If you want to customise the appearance, go to the Appearance tab in the plugin settings. You can set the primary colour, font, border radius, max width, and add custom CSS to match your site’s design exactly.
Testing your setup
Before sharing the page publicly, make a test booking yourself:
- Open the booking page and check that available slots are showing correctly
- Complete a booking with a real email address
- Check that a Google Calendar event was created with your test details in the description
- Confirm you received a host notification email
- Confirm the guest email arrived with an ICS attachment
- Test the cancellation link in the guest email
If a slot you know is busy isn’t being blocked, double-check that the service account email has the correct calendar sharing permission (Step 5) and that you entered the Calendar ID correctly in the plugin settings.
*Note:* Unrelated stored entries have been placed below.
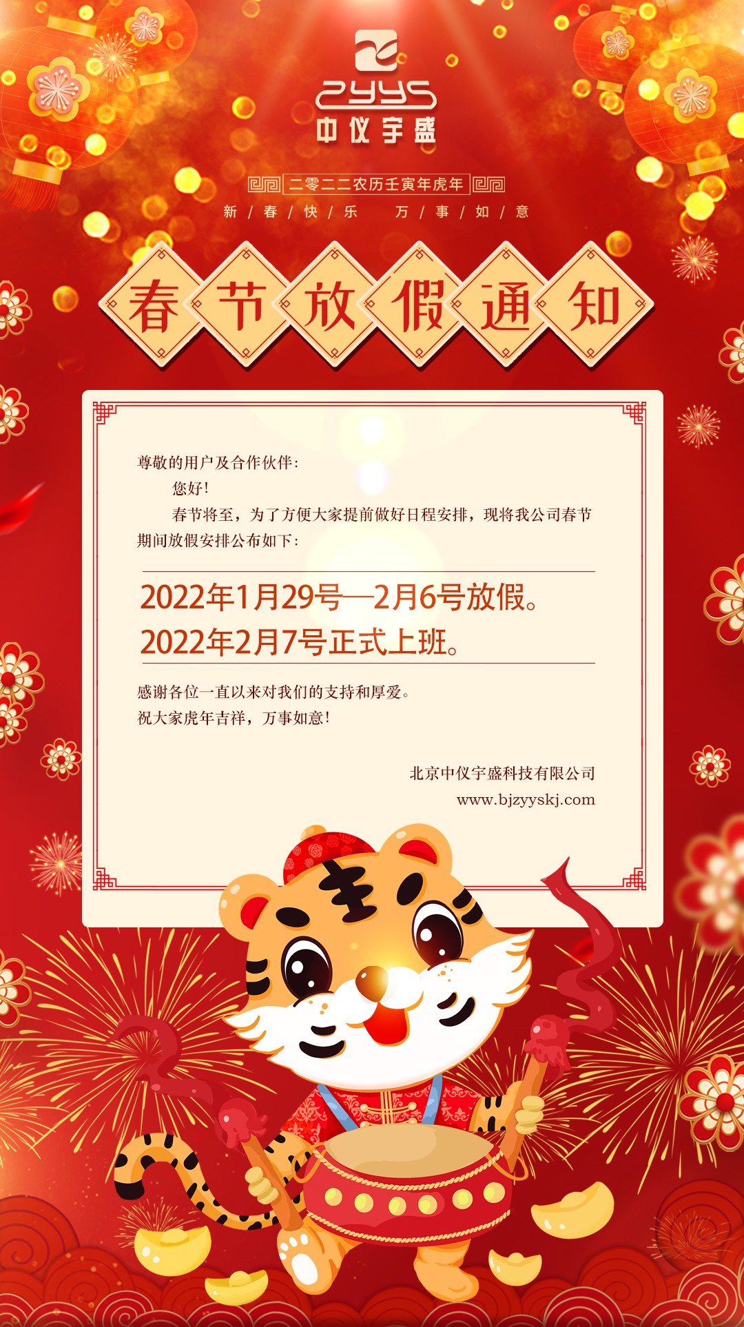 關(guān)于2022年春節(jié)放假安排的通知 更新日期:2022-01-24
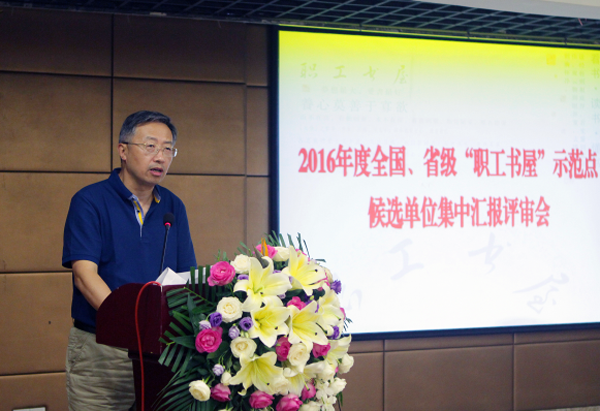 为深入推动职工文化建设,根据《关于申报2016年全国、省、市三级工会“职工书屋”示范点以及市优秀职工阅读组织的通知》(宁工发〔2016〕56号)文件精神,8月10日下午,市总工会在天丰大酒店组织全国、省级职工书屋申报单位集中汇报评审会。会上,经过初审入围的6家全国工会“职工书屋”示范点的候选单位和18家江苏省工会“职工书屋”示范点的候选单位,用5分钟时长的PPT,突出介绍各单位书屋概况以及工作特色、亮点和成效等。为保证评审公平公正,今年评审首次采取评审制,以主评审和各单位评审结合的方式进行,主评审和各参评单位评审权重各占50%;评审采取百分制,起评分80,最高分不得超过98,否则为废票;主评审和参评单位评审计分时均去掉一个最高分和一个最低分,所得均分再按所占权重相加计算后,为候选单位最后得分,根据本次评审的得分高低,结合实地考察情况,最后确定入选名单。此次集中汇报交流活动既是工作汇报,也是工作展示和经验交流,活动受到省市总工会领导高度重视和大力支持,省总工会副主席马永青、省总工会宣教部部长朱和顺以及市总工会党组书记、常务副主席孙强以及市总工会副主席闻庆武等领导应邀担任主评审。各单位不但认真做好工作汇报,并派出评审代表,认真参与了评审。
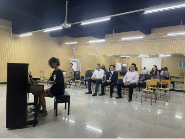 随后,柯林斯博士、凌雄辉主任在梁学宏院长的陪同下参观了音乐舞蹈学院,与丁义院长、李丽丹副院长、张隆隆老师等进行了交流,并观摩了声乐课、钢琴课和民乐演奏。美国哈丁大学有很好的音乐硕士和教育学硕士课程,对我校音乐表演、声乐方向、器乐方向和舞蹈表演专业学生来说是读研深造的好地方。
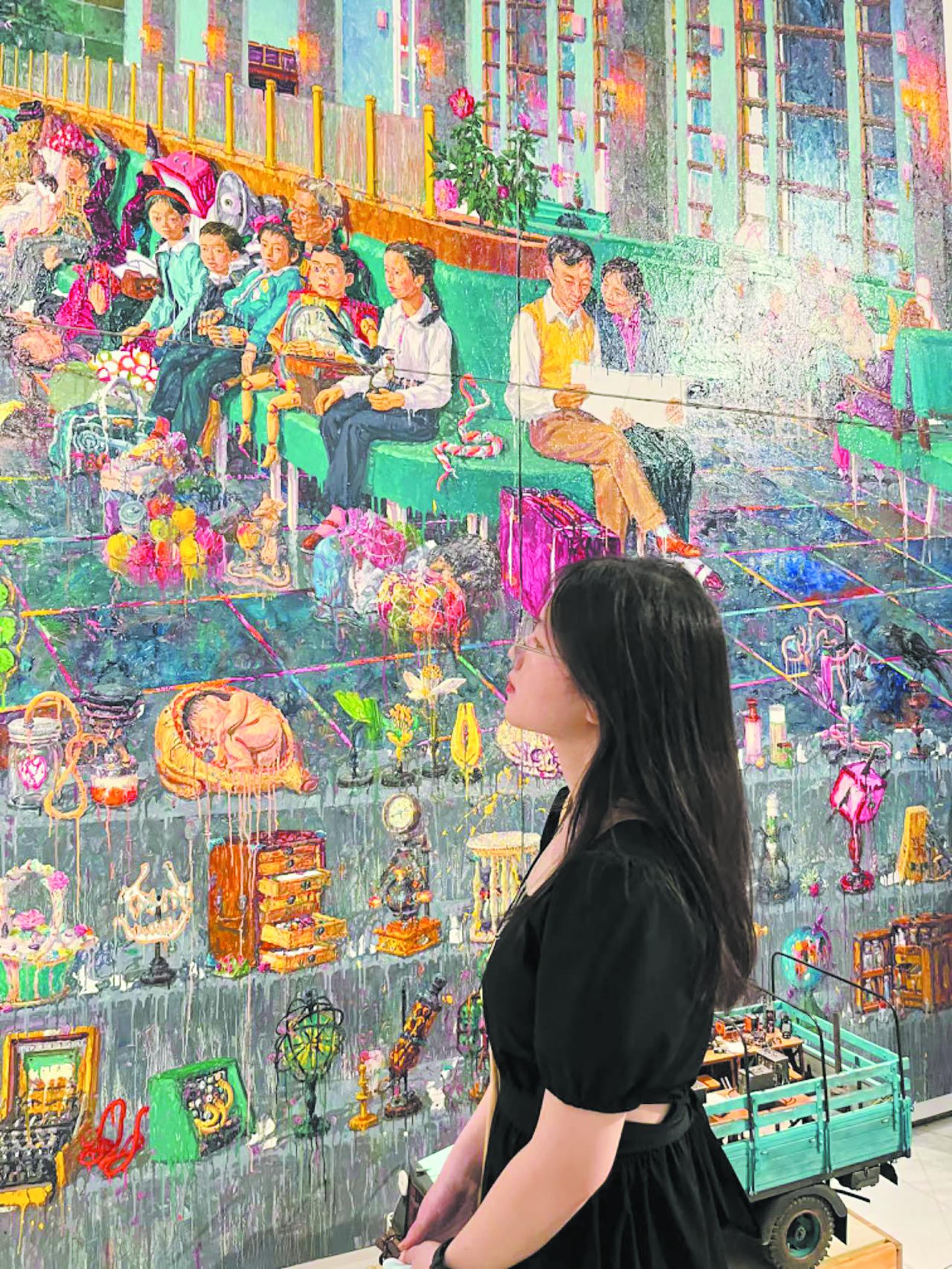 何千禧正在看中央美术学院毕业生画展。 何千禧供图
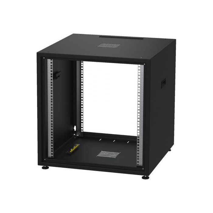 Intended use/capacity: studio rack Size: 482 mm (19") Rack units, RU: 12 Colour: black Version: cabinet body Material: sheet steel Castors: 4 levelling feet, 1 set of castors Protective class: IP20 acc. to EN 60529 Usable depth: 533 mm Outside dimensions: 600 x 604 x 600 mm Width: 600 mm Height: 604 mm Depth: 600 mm Max. load capacity: 30 kg Weight: 20 kg
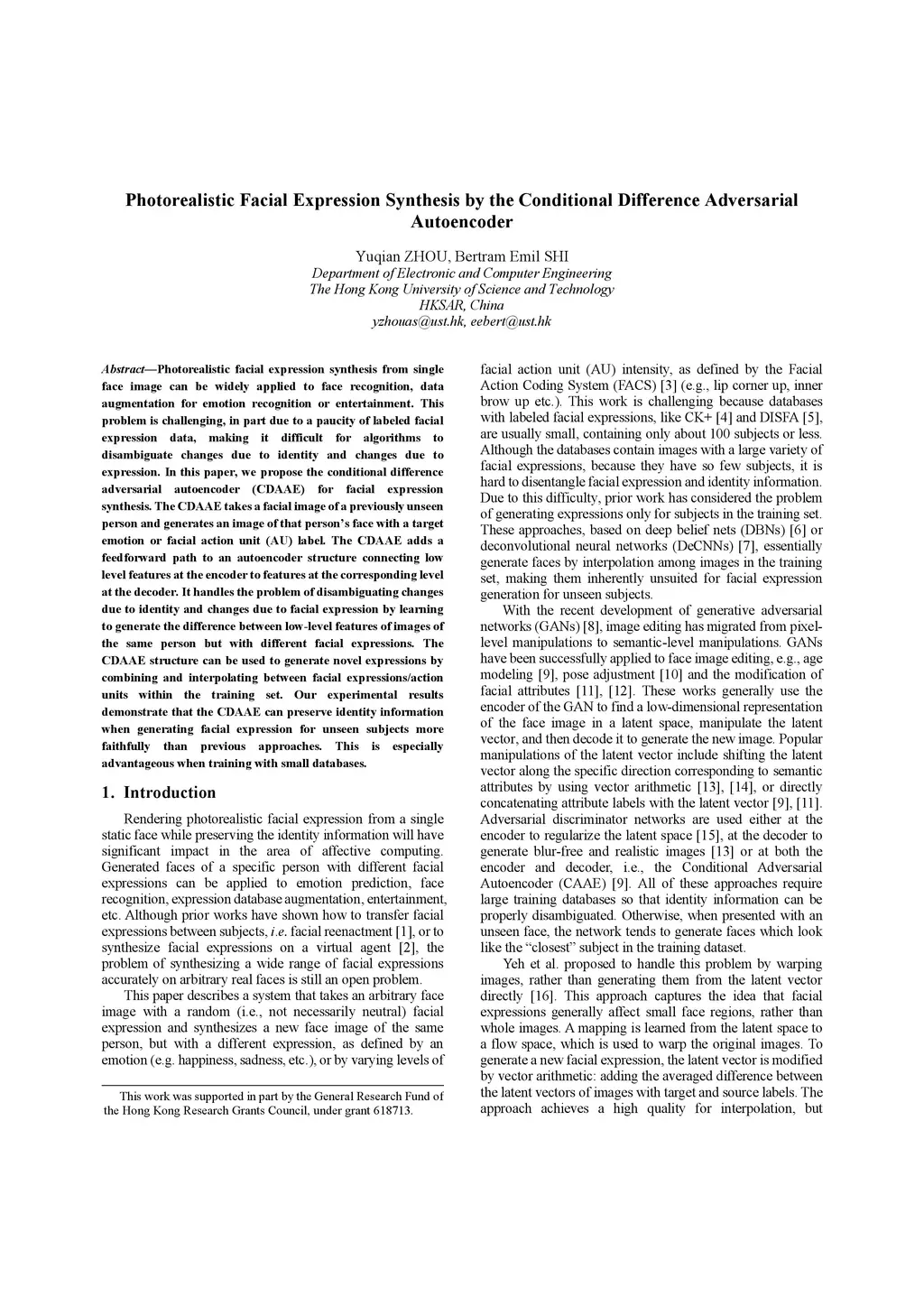 Photorealistic Facial Expression Synthesis by the Conditional Difference
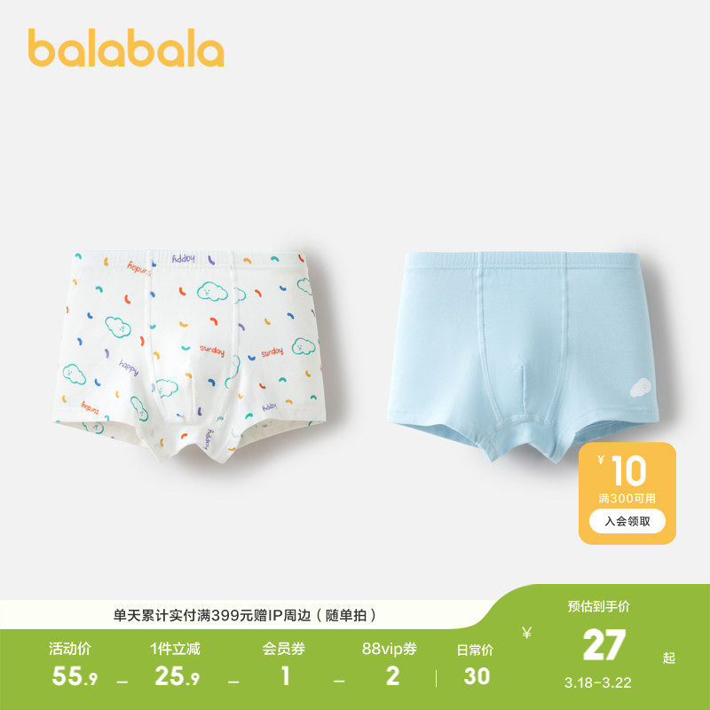 巴拉巴拉男童内裤平角儿童四角短裤亲肤不夹PP两条装舒适柔软萌趣
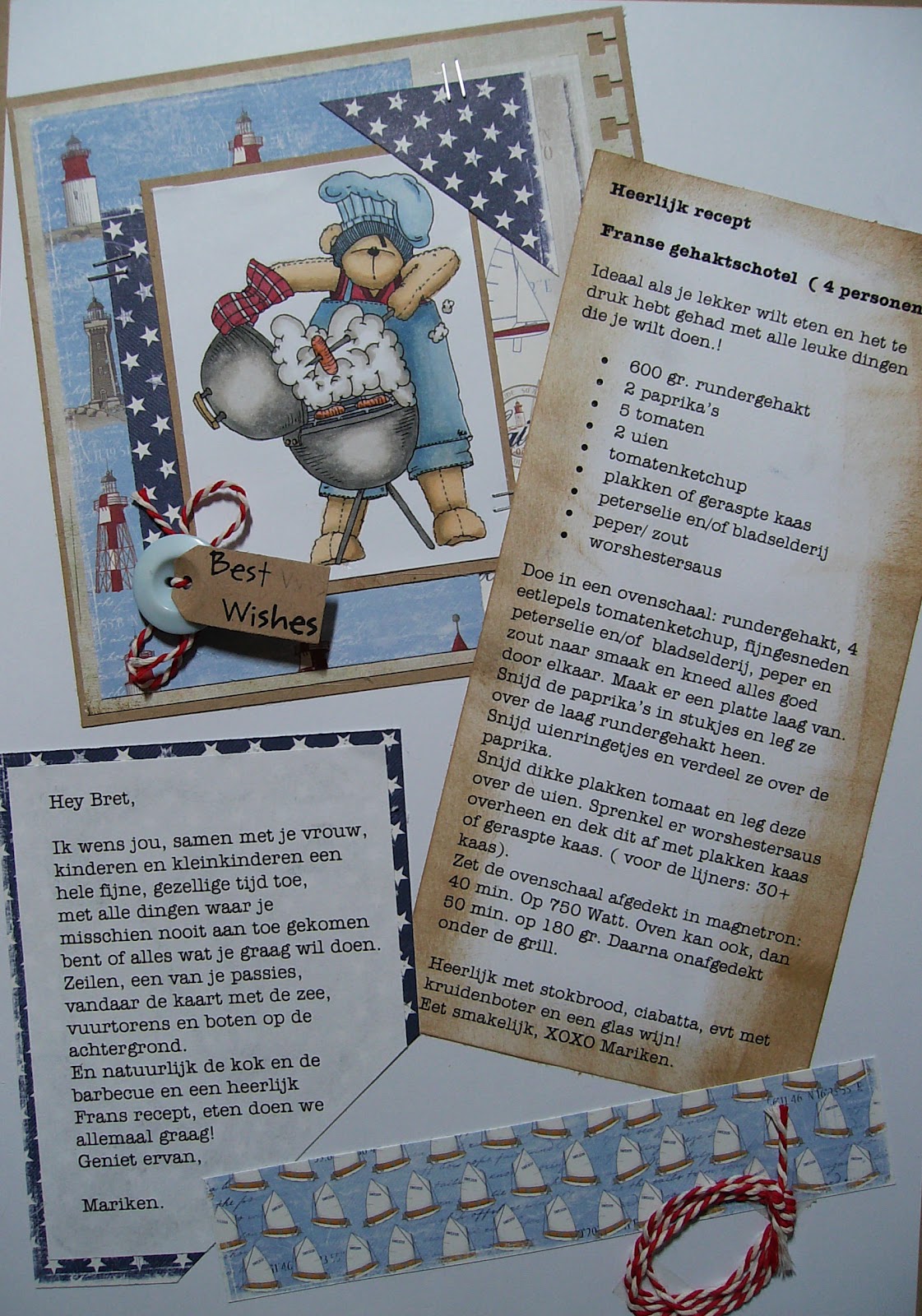 Het eerste A4-tje is voor Bret, ik weet dat hij erg van water en zeilen houdt. En barbecue-en en eten is een gok, maar ik denk dat hij dat graag doet...

What happens when someone books
Once everything is set up, the flow is fully automatic:
- A visitor opens your booking page — the widget calls the Google Calendar API and shows only genuinely available slots
- They pick a date, pick a time, fill in their details, and confirm
- A Google Calendar event is created in your calendar immediately
- You receive an email notification with the client’s details
- The client receives a confirmation email with an ICS file and a cancellation link
- The booking is logged in your WordPress admin under CalNative Booking → Bookings
If the client needs to cancel, they click the link in their confirmation email. The booking is cancelled in your WordPress database and the Google Calendar event is deleted — no action required from you.
Common questions
Will the plugin show slots from all my calendars, or just one? Just the calendar whose ID you entered in the settings. If you want to block time based on multiple calendars, add those calendars to the Google account that owns your booking calendar — Google’s free/busy check accounts for all calendars on the account.
Can I use it on more than one page? Yes — place the CalNative shortcode on as many pages as you like. All instances use the same settings.
What if I need to block a date? Create an all-day event in your Google Calendar for that date. The plugin will mark the entire day as unavailable automatically.
Does it work on mobile? Yes — the widget is fully responsive and works on all screen sizes.